As part of my training to become a Board Certified Chaplain, I had to study a great deal about human emotion. As it turns out, Western culture is not very good about allowing people to express their emotions. This seems to be especially true when it comes to men. Men in the United States are greeted with an unspoken expectation to refrain from showing emotion. This often comes from early childhood when boys are taught that it is not OK to cry. I was not aware of this tendency for Americans to keep their emotions in a box until I studied more and more about emotional health. In the process, I learned about my own tendencies. I discovered that the tears of others made me uncomfortable. I noticed a tendency to guide a crying, grieving family member into a more private location so as to prevent that person from the “embarrassment” of crying in public. After I became aware of this, I explored it a little more. As I reflected on my discomfort with emotions, I recognized that almost every influence in my life had taught me to avoid tears. I was taught that crying is bad. I remembered voices that told me, “boys (and subsequently men) should never cry.” “Women are too emotional.” “Suck it up.” “Be a man.” “Don’t be a cry baby.”

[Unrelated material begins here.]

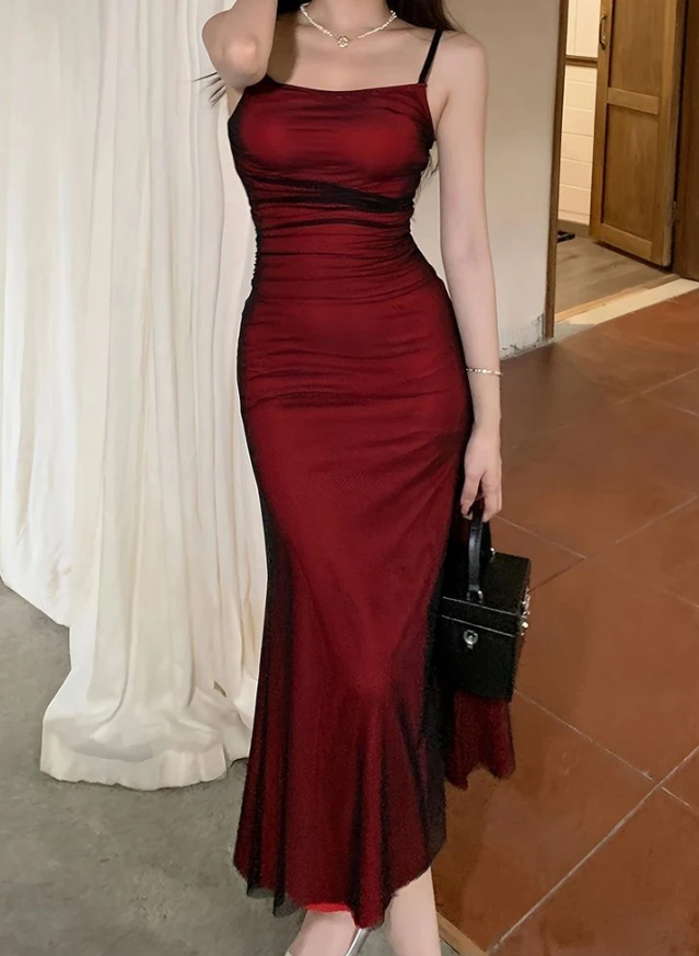 Vintage Spaghetti Strap Tea Length Prom Dresses

Of course, these are all complete nonsense. I know that now and I knew it then on some level. But I was unaware of the impact that such deep-seeded influencing had on me. I know that I was not alone in this discomfort. In fact, I bet if you do some self-reflection, you will discover that you have some of these same thoughts and ideas buried somewhere within your psyche as well. Society seems to teach American men that they are allowed to express emotion in two ways: Anger and laughter. As much as I love to laugh, what am I supposed to do when the emotion I’m feeling cannot adequately be expressed by laughing? Am I supposed to become angry and upset at half of the things that take place in my life and laugh at the other half?

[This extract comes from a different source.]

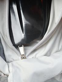 Ha subito un piccolo danneggiamento nel trasporto aereo: come si vede da una delle immagini, il pannello di materiale plastico inserito come supporto rigido allo schienale presenta una piccola scheggiatura (circa 2 cm nella parte superiore, non ne compromette assolutamente la funzionalità).

Fortunately, I developed a newer, better awareness of emotional maturity. I studied the importance of expressing emotions appropriately. I studied the concept of mixed emotions and even confused emotions. Did you know that it is possible to feel both happy and sad at the same time? Think about your grandmother’s funeral. You were probably very sad that your beloved grandmother had died. And at the very same time, you probably also felt joy on her behalf that she is alleviated from suffering and is now with Jesus in heaven. See? Sadness and happiness at exactly the same time! And did you know that what we often call “guilt” is actually “shame” much of the time? Here’s how to know if what you’re feeling is guilt or shame. If you are feeling guilt, it’s because you did something that you now understand to be wrong. Your feelings of guilt inform you that you don’t want to do that same thing again. Shame, on the other hand, is when you’re convinced that you’re a bad person because of your actions. Shame is something that is put upon you by someone else. Think of the difference between explaining to a child that his behavior is not appropriate compared to telling the same child that he’s a “bad boy.” It’s a pretty big difference, isn’t it?
These days I like to model appropriate expressions of emotion. I encourage people to leave space for others to feel what they are feeling and to receive those feelings. Sometimes, when others around us are experiencing strong emotion, the natural response is to avoid or deflect because those strong feelings make us uncomfortable. But have you ever stopped to think of how powerful it is to dive right in instead? To welcome someone’s emotions? To sit with that person in their sadness or their grief? If you’ve ever felt sad and someone lined up with you emotionally and held space with you, then you understand how helpful it can be. All of a sudden, things don’t feel so hopeless. You might realize your feelings are normalized. You feel human. Affirmed. Understood.
I’m no longer afraid to cry in public. I am very open with my tears even though “men don’t cry.” In fact, we all cry. Men cry. Women cry. Children cry. In the Gospel of John, we are reminded that Jesus cried. Crying is helpful. Crying is healing. Through our tears, we release chemical reactions that help us to make friends with our unpleasant emotions. Our eyes become lubricated. Our hearts become more open. And when someone else’s sadness causes us to produce tears of our own, then we know we are having a real, true emotional connection with that person. We are demonstrating a very beautiful and necessary thing: human empathy.
If you are ever with me and you begin to cry, I promise to welcome your tears. I promise to sit with you and to be with you. I won’t try to solve your problems. I will just be present with you. In return, I hope that if I ever cry in front of you, that you welcome my tears just the same. If I ever preach a sermon, and become teary-eyed, just know that it means my preaching is coming from the heart. It means that I am allowing myself to be vulnerable with you. Vulnerability is a sign of trust. As a community, let us all work to continue to understand our emotions. As we can continue to be vulnerable with each other, we will continue to grow in faith. Our emotions are gifts from God. Let’s use them to build stronger relationships with each other.